温生抬起头看向他,再一次认真地行礼道歉,“温生冒犯了小公子,愿受小公子责罚。任凭阁下差遣,还请息怒。”
凉童未有声,温生便被凉先生扶起身。凉夫郎更是又开口教训凉童不懂事,只见小公子眼睛看着温生不发一语,不一下就热眶盈泪了。
豆大的泪珠滴滴落下,砸疼了凉夫郎的心肝。吓得凉先生和凉夫郎左右好生哄着凉童。
“都怪那侯女好生无耻!竟派人围堵我们,要不是阿钰机智过人,怕是等不到那两位公子的赶到了。”凉先生平日的唇枪剑语立刻转向肇事者。

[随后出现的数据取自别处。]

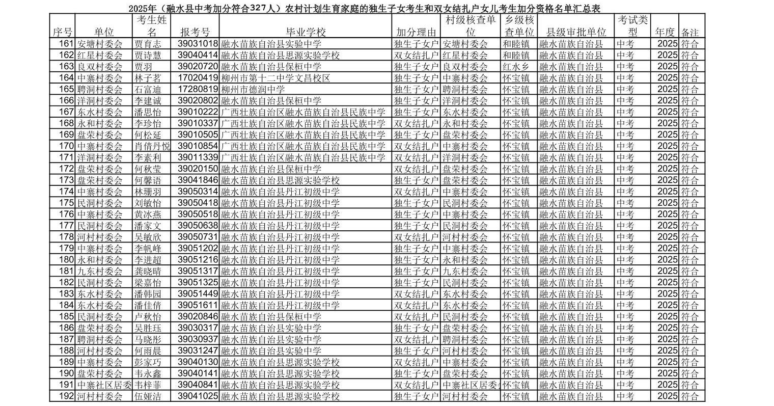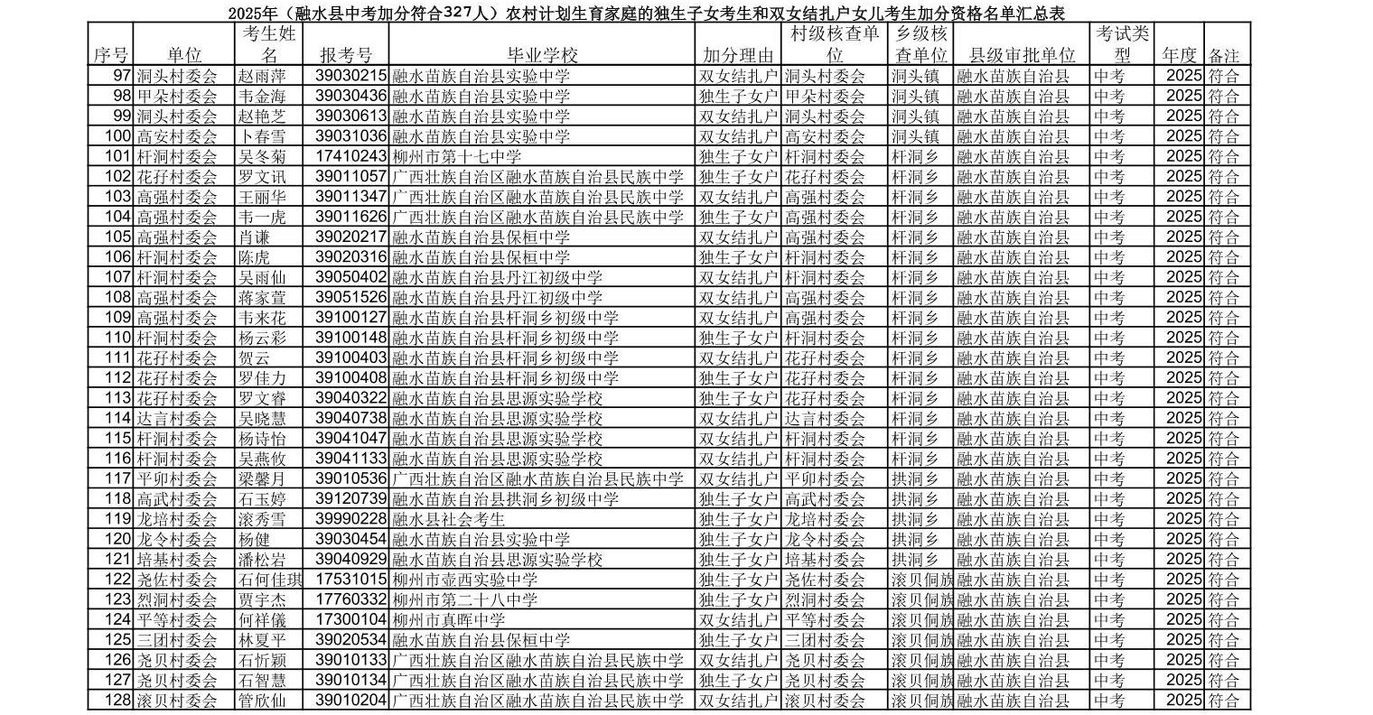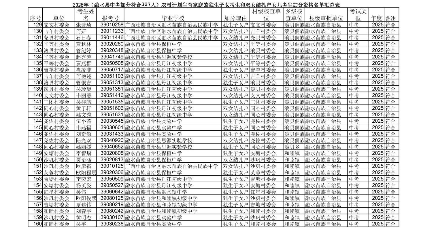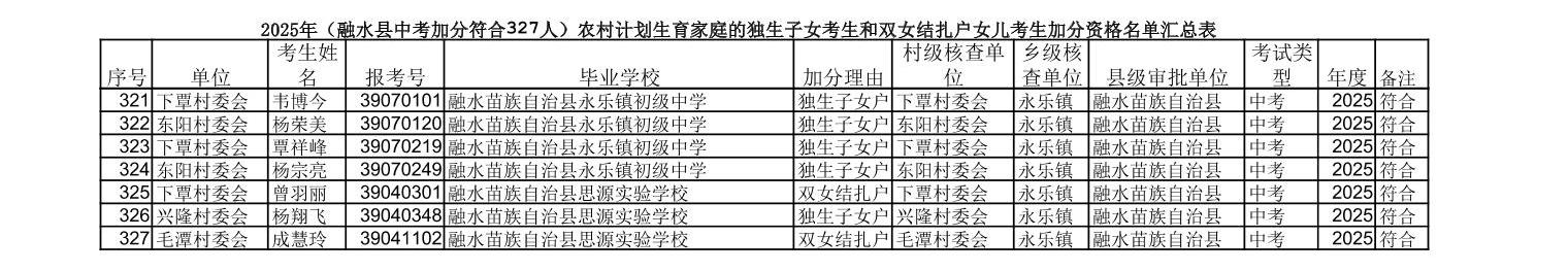 ▼2025年(融水县中考加分符合327人)农村计划生育家庭的独生子女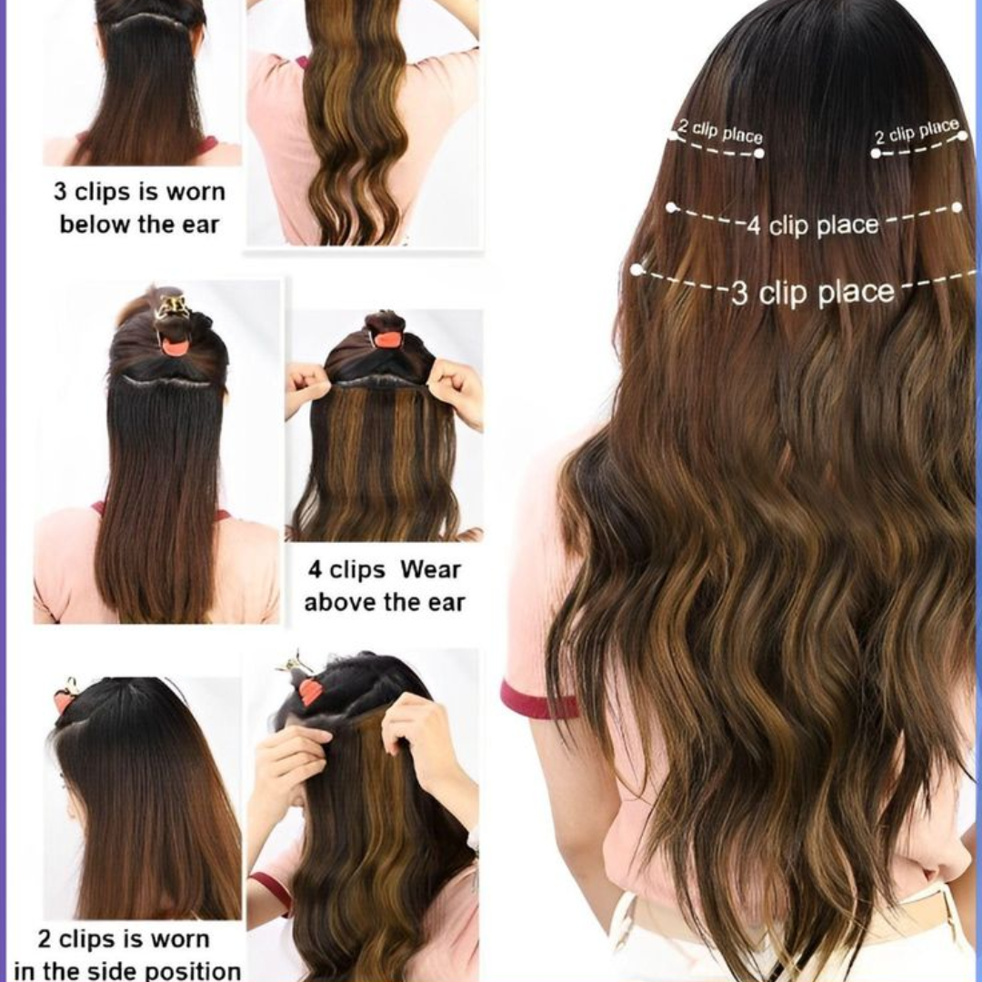 Our clip-on extensions are designed to blend naturally with your hair, giving you a flawless and elegant look for everyday wear or special occasions.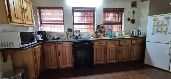 The generously sized kitchen is the heart of the home, built for functionality and storage. It features a separate, spacious scullery complete with a water filter system and boasts a coveted walk-in pantrya rare find.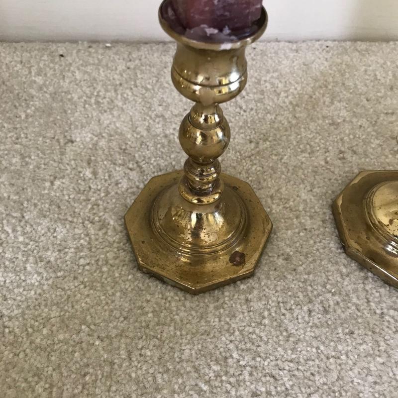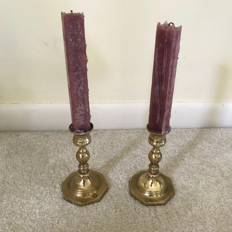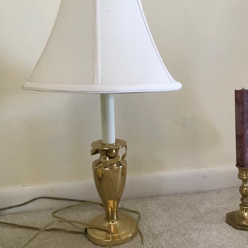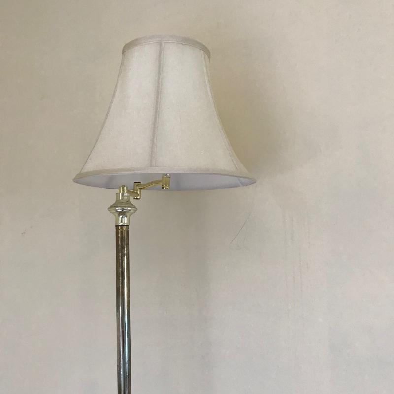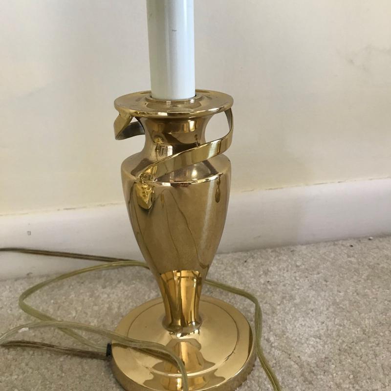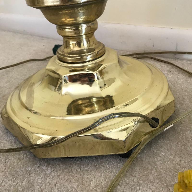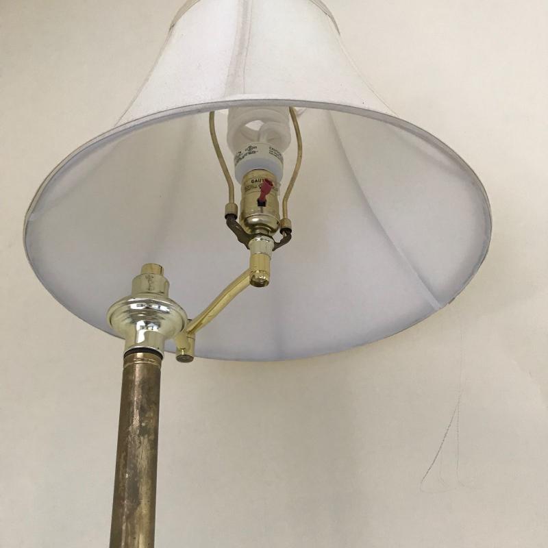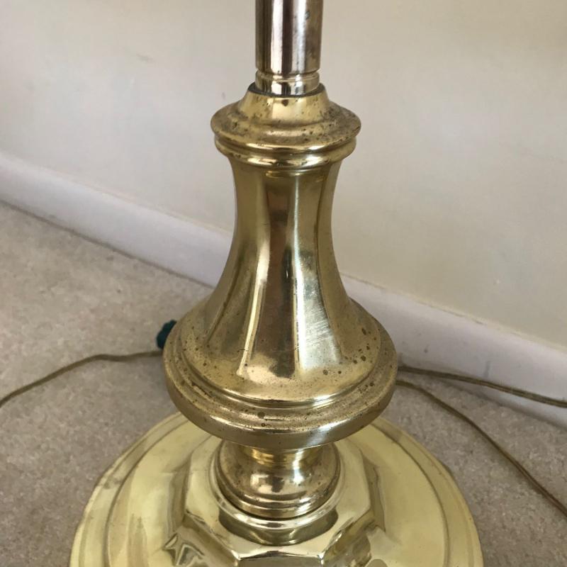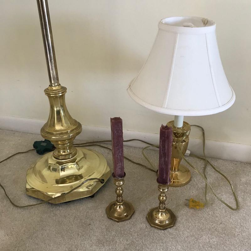 Two brass lamps and pair of candle holders. Candle holders are pretty worn. Standing lamp has swivel arm and measures without shade 11” d x 58”h. Lot also includes a table top lamp. No shipping.

凉夫郎更是心疼,“母亲也不好,应该陪你一同去山寺祈福的。今日阿钰受惊了,阿娘明日就上书状告那王八蛋私养死士,为非作歹!谋财害命!让官府把她们都抓起来,丢大牢里去!看她们还怎么恐吓我们。”
凉夫妇两人左一句右一句,温生听了大概了解了情况。